ON AUTOMATION OF NORMALIZATION VALIDATION
with Chris Date

 

 

 

As a featured expert on relational/database fundamentals at searchdatabase.techtarget.com,I received the following question:

 

“Data Normalization. Can it be automated?  Two questions, really:

 

·   Are you aware of any algorithm or utility that can be used to verify whether my database model is in 3NF?

 

·   Is there an algorithm that can be used to convert a bunch of records into a set of normalized tables?”

 

I asked Chris Date to respond because he published on this very subject. He has provided a detailed and rigorous response, a short version of which I posted on that site.
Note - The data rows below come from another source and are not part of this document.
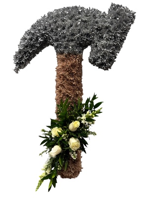 Custom shaped hammer displayed on an easel.
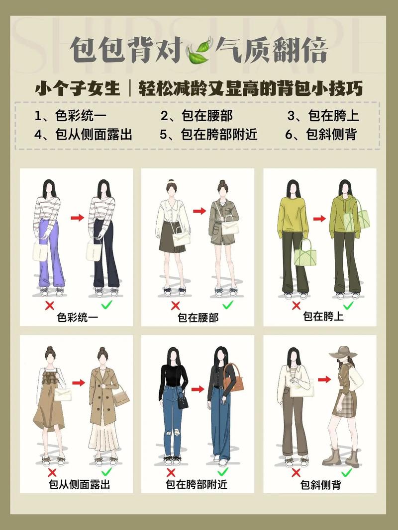 - 配点睛: 配饰起到了什么作用?(项链提升精致感,腰带优化身材比例,包包增加风格感)
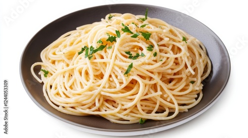 A plate of spaghetti aglio e olio, minimalist Italian dish, hyper-realistic details, soft golden hues, isolated on white background
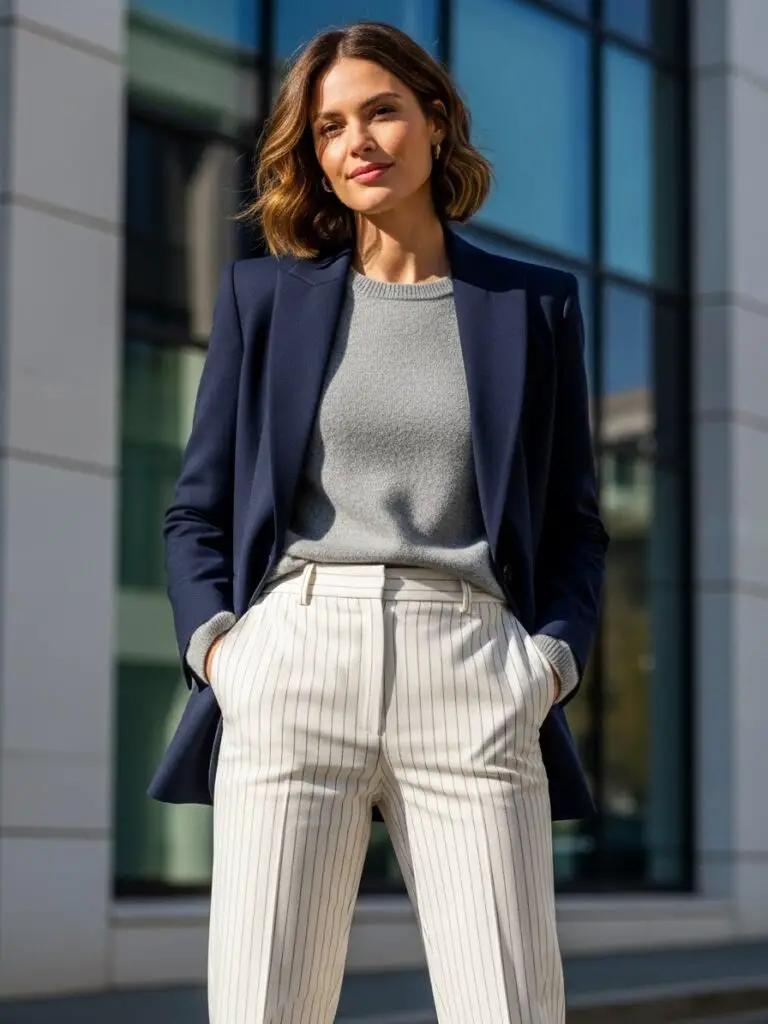 Layer a structured blazer over a fitted sweater and straight-leg pants for a trendy work outfit that still feels classic. This smart casual work outfit keeps you warm without losing corporate polish.
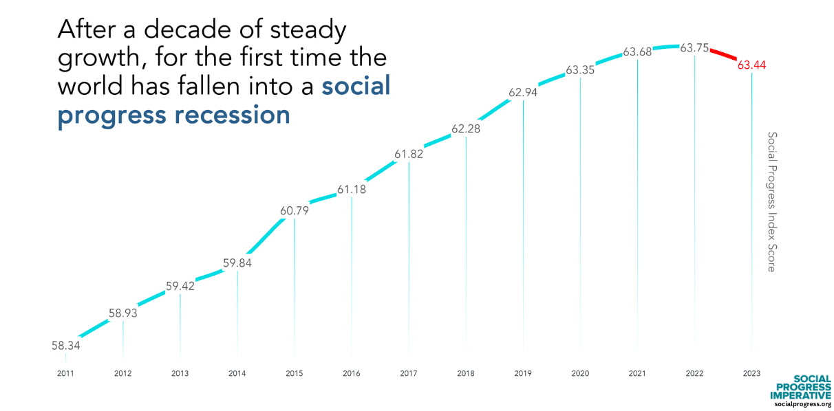 Let me tell you straight away, the world is facing a social progress regression. Yes, countries social progress declined. According to the 2024 Social Progress Index research, 61 out of 170 countries saw a significant decline in their social progress in 2023, and 77 more stagnated. Only 32 countries, out of 170, saw any real progress.
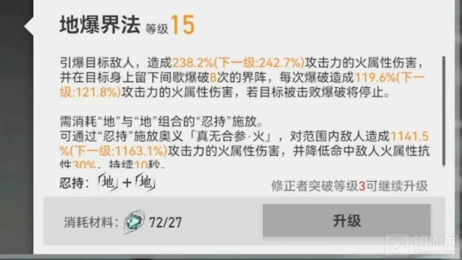 5、奥义:地爆界法,引爆目标敌人,造成247.5%攻击力的火属性伤害,并在目标上留下间歇爆破8次的界阵,每次爆破造成124.3%攻击力的火属性伤害。如目标死亡爆破将停止,需消耗<地>与<地>组合的<忍持>释放。
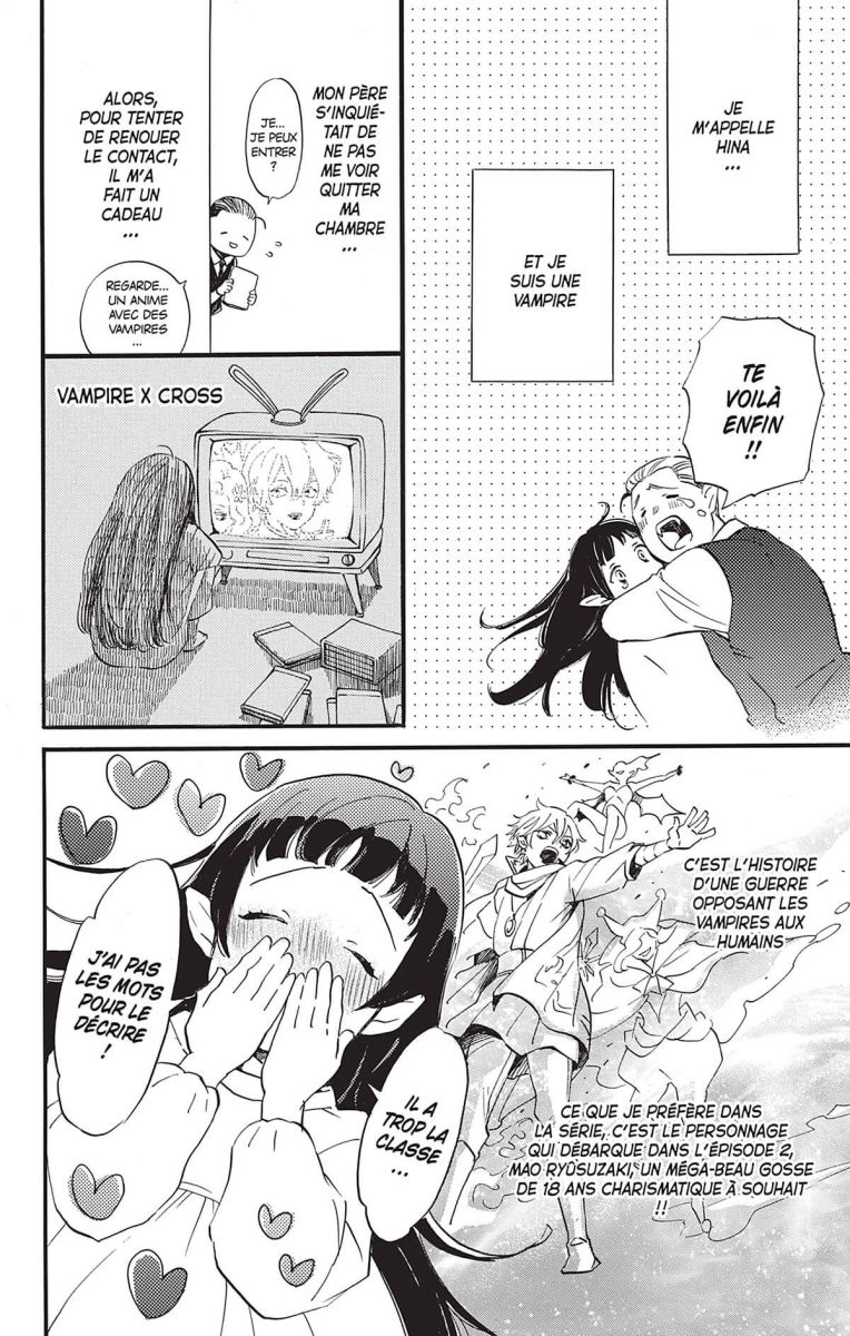Hina Alucard est une vampire, mais surtout une otaku ! Elle préfère fantasmer sur le beau gosse de son anime préféré plutôt que de planter ses crocs dans des humains bien réels, n’en déplaise à son père... jusqu’au jour où elle décide d’emménager au Japon pour profiter pleinement de sa vie de fangirl. Elle découvre alors avec stupeur que son voisin de palier ressemble comme deux gouttes d’eau à son personnage d’anime favori. En plus, le corps de ce dernier dégage une odeur extrêmement attirante pour les suceurs de sang... C’est le début d’un quotidien particulièrement mouvementé pour notre jeune vampire !
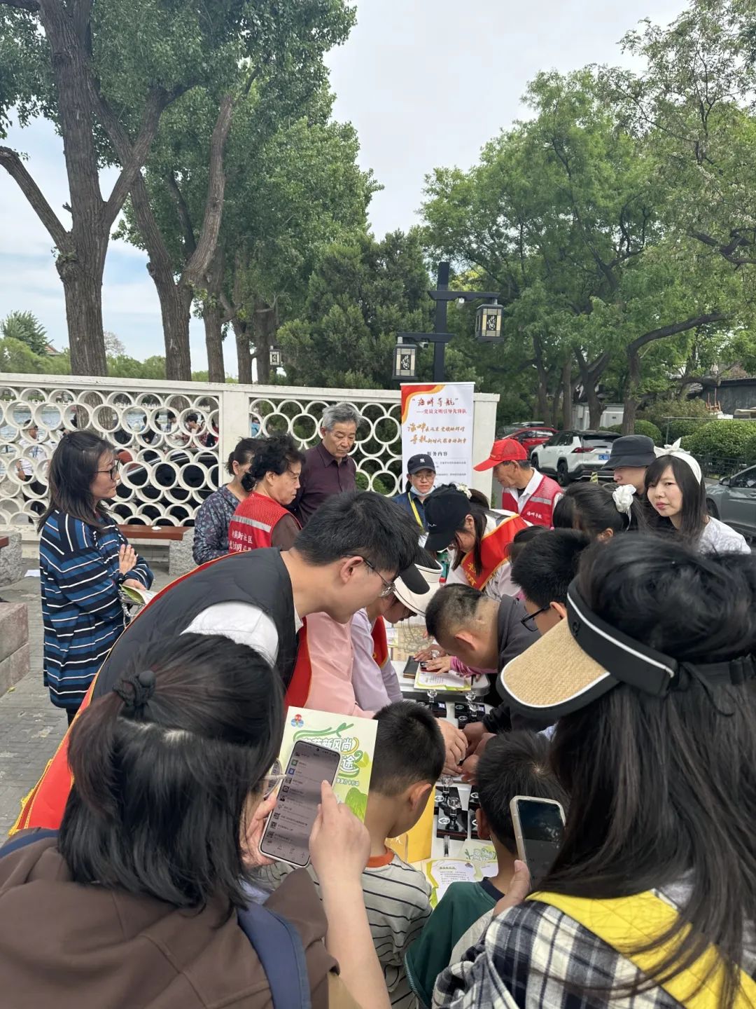 “海畔导航” 党员文明引导先锋队在后海边的 “铜老头” 雕像以及社区办公场所处分别设立服务点,为过往游客提供基础信息服务、指路服务、景点介绍和文化介绍等内容。其中,打卡集章活动十分受欢迎!不少游客自发地以 “文明旅游”“什刹海” 等为主题,在社交媒体上晒出集章照片与后海的风景美图,通过网络平台热情传递着后海的独特魅力与文化底蕴,带动起文明游览、文化传承的清新风尚。
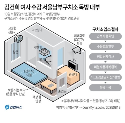 13일 법조계에 따르면 김 여사는 구치소 도착 후 신체검사와 인적 사항 확인을 거쳐 수용번호를 부여받았다. 키와 몸무게 측정, 소지품 영치가 이어졌고, 카키색 미결 수용자복으로 갈아입은 뒤 수용번호가 부착된 ‘머그샷’ 촬영을 마쳤다. 교정 당국은 보안과 심리적 안정을 고려해 김 여사를 독방에 배정했다.

His complete answer follows; my comments are prefixed with FP).

 

 

Chris Date Responds: The short answer to both questions is yes.  For a much longer answer, please read on! 

 

I think the first thing I need to do is examine--and, I hope, clarify--some of the terminology used in the two questions. 

 

Ø       "Database model":  The term model is grotesquely overused, and abused, in the IT world (see Models, Models, Everywhere, Nor Any Time to Think. The term database model in particular is usually used to refer to a generic model that's applicable to databases in general (the relational model is the obvious example).  I think database model in the first question would be better as database design (and the design in question must be understood to be a logical one, not a physical one).  And I think it would be better still as simply database.

 

Ø       "In 3NF":  Strictly speaking, we can't say a given database is or is not in 3NF--3NF is something that is or is not satisfied by a given table.  A given database might include a mixture of 3NF and non3NF tables.  I suppose you might say a given database is in 3NF if every table it contains is in 3NF, but it's a bit of a stretch, and I'd prefer not to do it.  (FP: I don’t see a problem with this, provided the meaning is understood and properly used).

 

Ø       "Bunch of records":  The process of normalization to 3NF is a process that takes a given table as input and produces a set of tables as output, such that every table in the output set is in 3NF.  If that process is carried out on every table in turn in a given database as input, the various sets of tables produced as output will together form a database in which every table is indeed in 3NF.  So I think bunch of records should be set of tables. (I remark in passing that the writer is presumably using the term record to mean record type, whereas the more usual interpretation of the term is record occurrence.  I note further that the writer seems to be thinking that record type and table are synonymous.  I note still further that relational tables do not contain records, they contain rows or, better, tuples.)

 

Ø       "Normalized tables":  From the context, by normalized here the writer presumably means 3NF.  This usage is common but sloppy; strictly speaking, normalized just means first normal form (1NF)--see AN INTRODUCTION TO DATABASE SYSTEMS.  And you might be surprised to learn that, by definition, all tables are in 1NF! (equivalently, all tables are normalized).  I think normalized tables would be better as 3NF tables.  (I'm ignoring throughout the possibility that the table might contain either duplicates or nulls.  Tables that contain duplicates or nulls do not represent relations, and normalization theory has nothing to say about them.)

 

Ø       "Tables":  I've explained in many places and on many occasions that the term table is unsatisfactory for a variety of reasons (see, e.g., the book just mentioned).  At least we should be clear as to whether we're talking about table values or table variables--or, as I would prefer to say, relation values or relation variables.  Somewhat against my own better judgment, however, for the remainder of this response I'll stick with the term table, which for present purposes I'll define to mean a table variable specifically. Also against my own better judgment, I'll also take the term table to mean a base table specifically (as I believe the writer does).

 

Ø       "3NF":  I wonder why the writer focuses on third normal form specifically, when there are at least four known and useful higher levels of normalization.  (The four are, in sequence, Boyce/Codd, fourth, fifth, and sixth normal form.  The last of these is defined in a book that's due to appear from Morgan Kaufmann in the fourth quarter this year: TEMPORAL DATA AND THE RELATIONAL MODEL, by C. J. Date, Hugh Darwen, and Nikos A. Lorentzos.  It's pertinent only in the context of temporal databases.)  In other words, database designers should always aim for tables that are in at least fifth normal form.  For simplicity, however, I'll stick with 3NF for the remainder of this response, since that's apparently what the writer wants. 

 

Here then are the original two questions, now reworded to take the foregoing terminological issues into account: 

 

1.      Is there an algorithm that can be used to verify whether a given table is in 3NF? 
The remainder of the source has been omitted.